Thermal radiation is visible due to sufficiently high temperatures, it is also called *incandescence*.

## Thermal Radiation in a Single Mode

We first consider thermal radiation in a single mode, which is simpler to understand than thermal radiation in free space, where many modes are involved. As a theoretical example, we can take a single-mode fiber, for simplicity assuming that it is lossless and single-mode at any wavelength. Here, we actually have two modes per propagation direction, corresponding to different polarization directions, but in the following we can consider radiation only for one of those directions. Also, we assume that both ends of some length of such a fiber are fully covered with black coatings, and that the whole setup is kept at a certain absolute temperature <$T$>. In thermal equilibrium, some amount of thermal radiation will travel in the fiber in both directions.

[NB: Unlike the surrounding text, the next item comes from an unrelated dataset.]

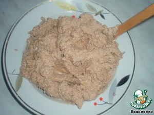 Вот такая масса у нас получилась. Пробуем на вкус и добавляем соль, перец и специи по вашему вкусу. Если масса получилась жидковата, просто добавьте в нее немного измельченных орехов.

For calculating that amount of power, we can imagine that we suddenly replace the black coatings with highly reflecting coatings, so that we now have an optical resonator, but we still have the same amount of thermal radiation inside the fiber which has previously been captured. (That amount of light will also not change thereafter; the system remains in thermal equilibrium.) Each mode of the fiber resonator will on average have an energy which is determined by Bose–Einstein statistics:

$$\left\langle {{E_{{\rm{mode}}}}} \right\rangle = \frac{{h\nu }}{{\exp \left( {h\nu /{k_{\rm{B}}}T} \right) - 1}}$$with the photon energy <$h\nu$> corresponding to the mode frequency. For optical frequencies in the near infrared, for example, and temperatures around room temperature, the photon energy is well above the thermal energy <$k_\textrm{B}T$>, so that the average energy in the mode is far below the photon energy. There is then sometimes one thermal photon in the mode, but at most times no photon at all. In the contrary situation of very low optical frequencies (in the far infrared) or a high temperatures, where the thermal energy <$k_\textrm{B}T$> is well above the photon energy, the mean energy would be approximately <$k_\textrm{B}T$> – now independent of the optical frequency. That is actually the value which would be expected based on classical physics, ignoring the quantum nature of light.

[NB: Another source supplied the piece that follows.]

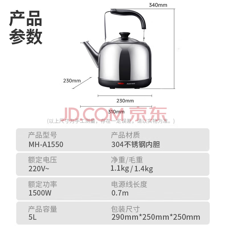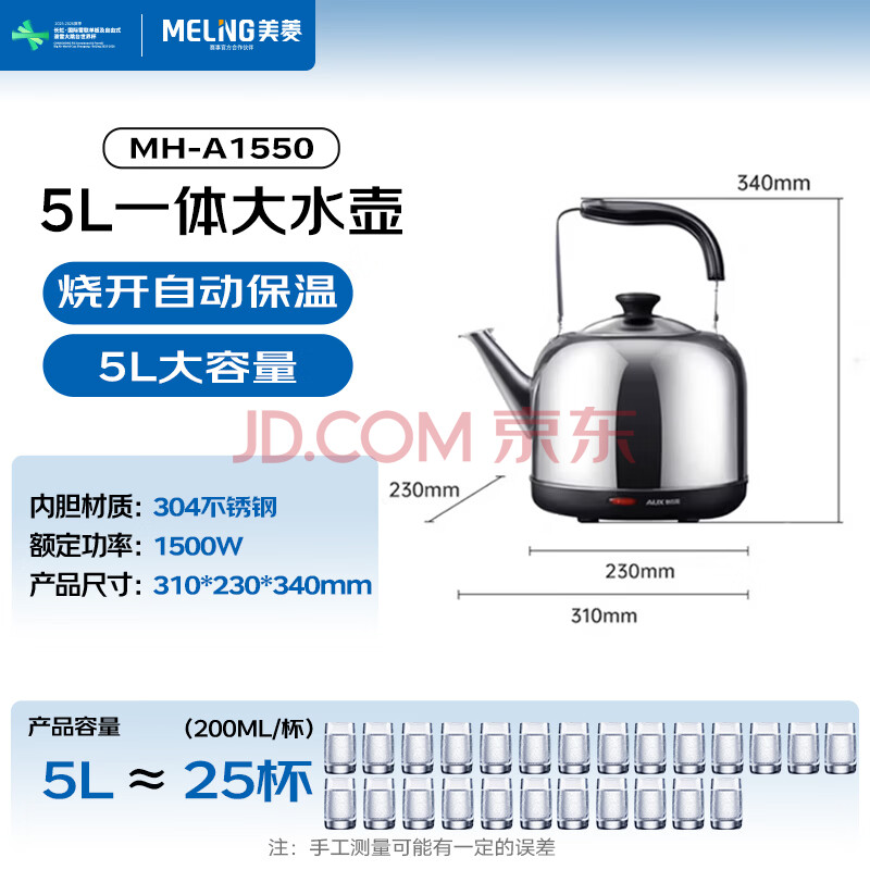 商品相册:美菱(MeiLing)电水壶电热水壶304不锈钢烧水壶5L大容量热水壶MH-A1550第1张/共7

The mode spacing of the fiber resonator in terms of optical frequency is

$$\Delta \nu = \frac{c}{2 \: n_\rm{eff} \: L}$$where <$n_\textrm{eff}$> is the effective refractive index of the fiber and <$L$> the fiber length. The mean optical power circulating in one mode of the resonator is the mean energy divided by the round-trip time <$2 \: n_\textrm{eff} \: L / c$>, which is the inverse mode frequency spacing.

For the original configuration with the black coatings on the fiber ends, we do not have modes, but rather thermal radiation which is smoothly spread over a large range of optical frequencies. However, the power spectral density of that radiation (in units of W/Hz) equals the average value for the fiber resonator and can thus be calculated as:

$${p_{th}} = \frac{{\left\langle {{E_{{\rm{mode}}}}} \right\rangle }}{{{T_{{\rm{rt}}}}\;\Delta \nu }} = \left\langle {{E_{{\rm{mode}}}}} \right\rangle = \frac{{h\nu }}{{\exp \left( {h\nu /{k_{\rm{B}}}T} \right) - 1}}$$This result is independent of the fiber length and the mode spacing. For very low frequencies, it is approximately <$k_\textrm{B}T$>, i.e., even frequency-independent.

If the fiber were lossless and single-mode for any optical frequencies, the result could be integrated over all frequencies to obtain the total thermal power

$${P_{{\rm{th}}}} = \frac{{{\pi ^2}}}{6}\frac{{{{\left( {{k_{\rm{B}}}T} \right)}^2}}}{h}$$For two polarization directions in a fiber, one would obtain twice that power.

We have a square dependence on the absolute temperature, essentially because the mean energy of each low-frequency mode is proportional to the temperature, and the number of such modes with a photon energy well below the thermal energy is also proportional to the temperature.

As a numerical example, we can calculate the average optical power in the wavelength interval from 1000 nm to 1100 nm for an absolute temperature of 1000 K (≈ 727 °C) to be 5.9 pW. That would not even be easy to detect with a photodiode, for example. The total thermal power would be 473 nW; most of it would be at infrared wavelengths longer than those of our wavelength interval.

Figure 1 shows the calculated power spectral density as a function of wavelength for different temperatures. Figure 2 shows the total thermal power as a function of temperature.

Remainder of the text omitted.